Uddipan Chakravarthy Appointed New Executive Chef of Vivanta by Taj President

VIVANTA BY Vivanta by Taj – President, Mumbai appointed Uddipan Chakravarthy as their new Executive Chef, passing on the baton from Chef Ananda Solomon, who retires at the end of July 2016. An integral part of the core team that launched Trattoria and Thai Pavilion, Chakravarthy’s journey with these iconic restaurants is every food connoisseur’s dream.

Chakravarthy experiments with new flavors and has a flair for inventive cooking, retaining simplicity at the core of every meal that he designs. With over 21 years of culinary expertise, Chakravarthy has been the Executive Sous Chef for some of the most iconic restaurants in India such as Trattoria, Thai Pavilion and Konkan Café (Vivanta by Taj - President, Mumbai) and Kabab-e-Bahar (Taj Banjara, Hyderabad) to name a few.


During his stint as the Executive Chef at Vivanta by Taj – Yeshwantpur, the largest Vivanta hotel in India, he has arranged a number of themed weddings, sit-down dinners and high-end conferences making the hotel one of the most sought after destinations in Bangalore. From curating a hearty Punjabi menu at ‘Paranda’ a Punjabi restaurant reflective of the state’s love for spices and rich flavours to charting an impeccable Mediterranean medley at ‘Azure’ splendid with fresh herbs, fruit sorbets, Chakravarthy has set remarkable standards in the epicurean's field.

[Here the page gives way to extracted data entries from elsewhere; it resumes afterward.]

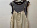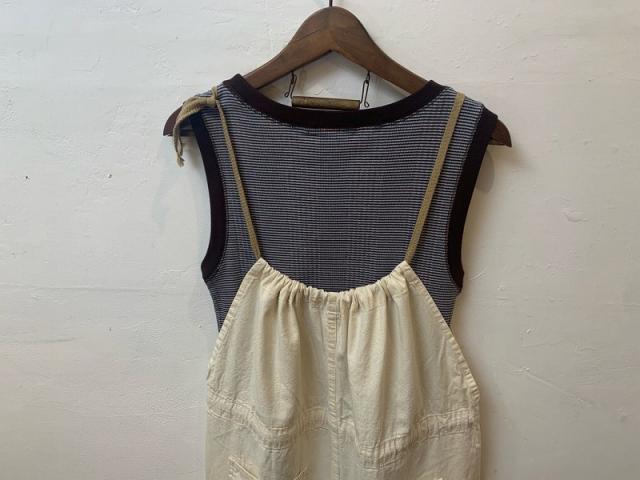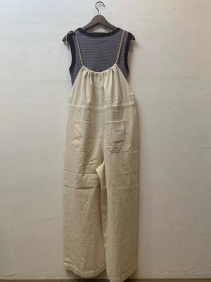 ドローストリングサロペット。キャミソールタイプで、着用した時に肩紐の間の生地が寄ってギャザーになるデザインです。バストから裾までゆったりしたストレスフリーな着心地で、Tシャツと合わせるだけで簡単に夏の装いをお楽しみいただけます。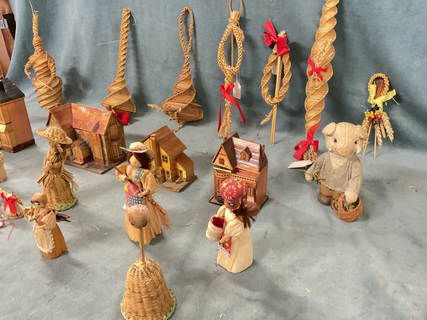 A collection of straw work - corn dollies, model houses, various female figures, a duck, etc. (A lot)
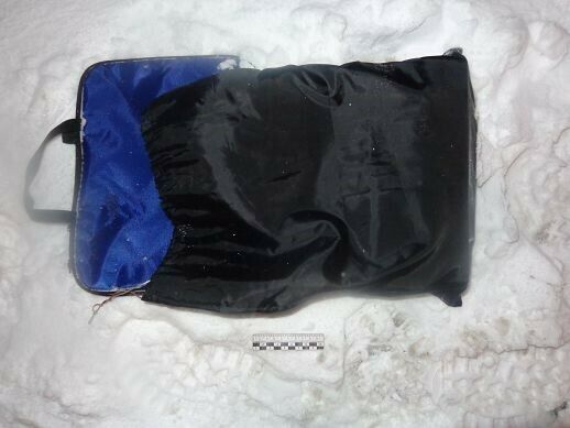 Во время осмотра места происшествия стражи порядка нашли личные вещи преступника, которые тот оставил на снегу: мобильный телефон и сумка.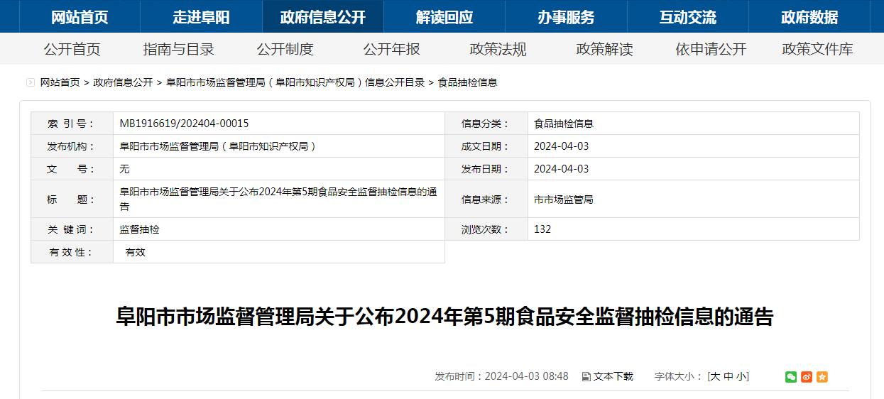 阜陽市市場(chǎng)監(jiān)督管理局關(guān)于公布2024年第5期食品安全監(jiān)督抽檢信息的通告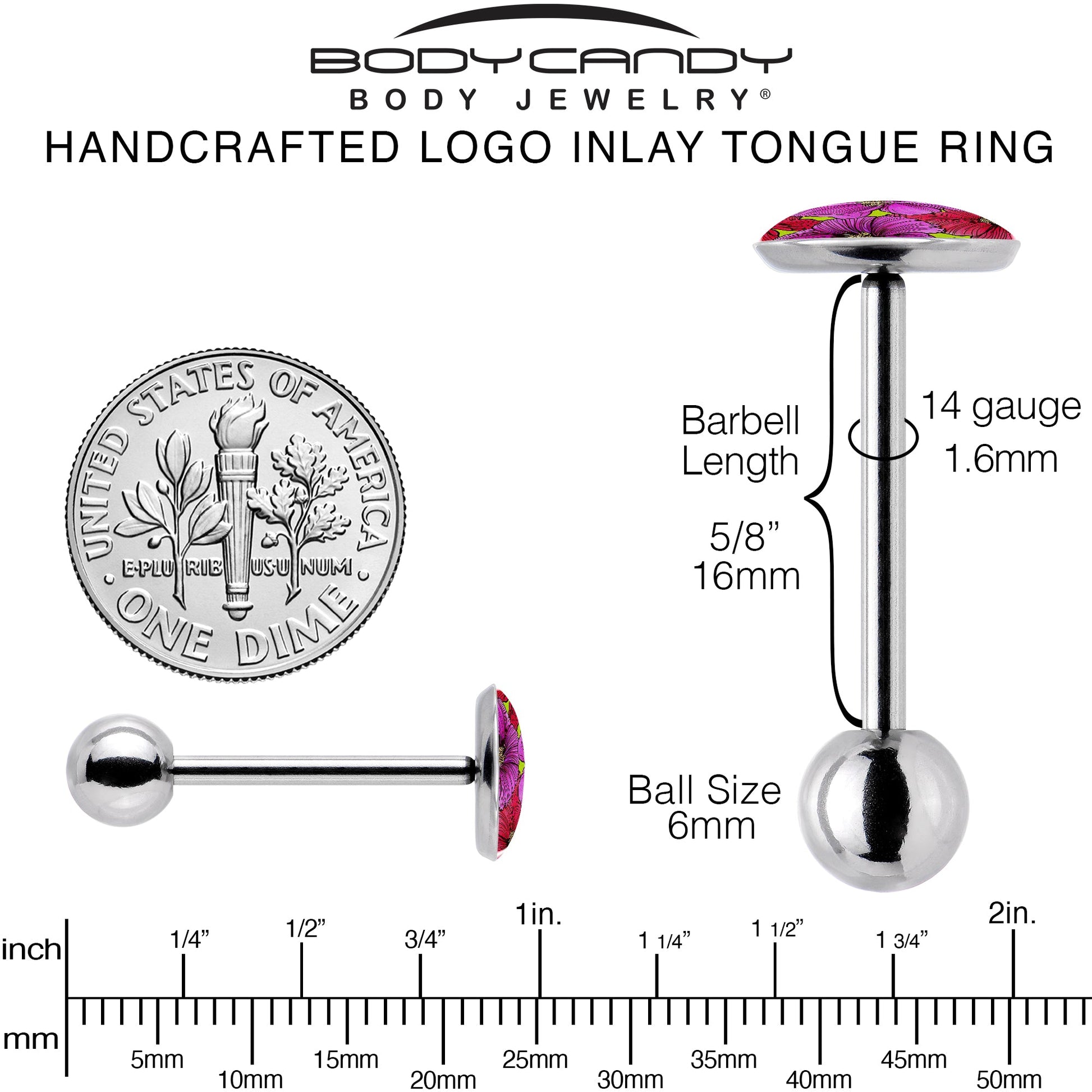 This 14 gauge artist hand drawn flower tongue jewelry is part of our new line of Blossom Creations body piercing jewelry for the season. This 5/8 inch tongue barbell is made with a 316L surgical grade stainless steel straight barbell with a 6mm bottom ball end. It features a logo inlay charm with rich purple and red flowers, on a contrasting background for a striking look. Bring on the heat with the exotic beauty of this floral tongue piercing jewelry.

Chakravarthy is a prominent culinary maestro amongst the bandwagon of the new generation of chefs of Indian origin; whose food philosophy lies in building around quality ingredients, drawing inspiration from the rhyme of seasons and food styling. He has had the honor of preparing a feast for many Heads of States and prominent celebrities.

Commenting on his appointment, Chakravarthy said, “I am delighted to join Vivanta by Taj – President, Mumbai and take up this challenge at such an interesting time. Vivanta by Taj – President is also home to some of the best restaurants in Mumbai. With a vision to maintain the authenticity of the traditional offerings along with constant innovation, I look forward to working here. It is a moment of ‘homecoming’ for me as I have had the privilege of working with Chef Ananda Solomon in the past.”

Chakravarthy, an alumni of IAM, Salt Lake City, Kolkata has come with rich international experience. He has been with the Taj Group of hotels for the last 18 years ago. He has also contributed to multiple hotels of the Taj Group in cities like Bangalore, Delhi, Hyderabad, and Mumbai.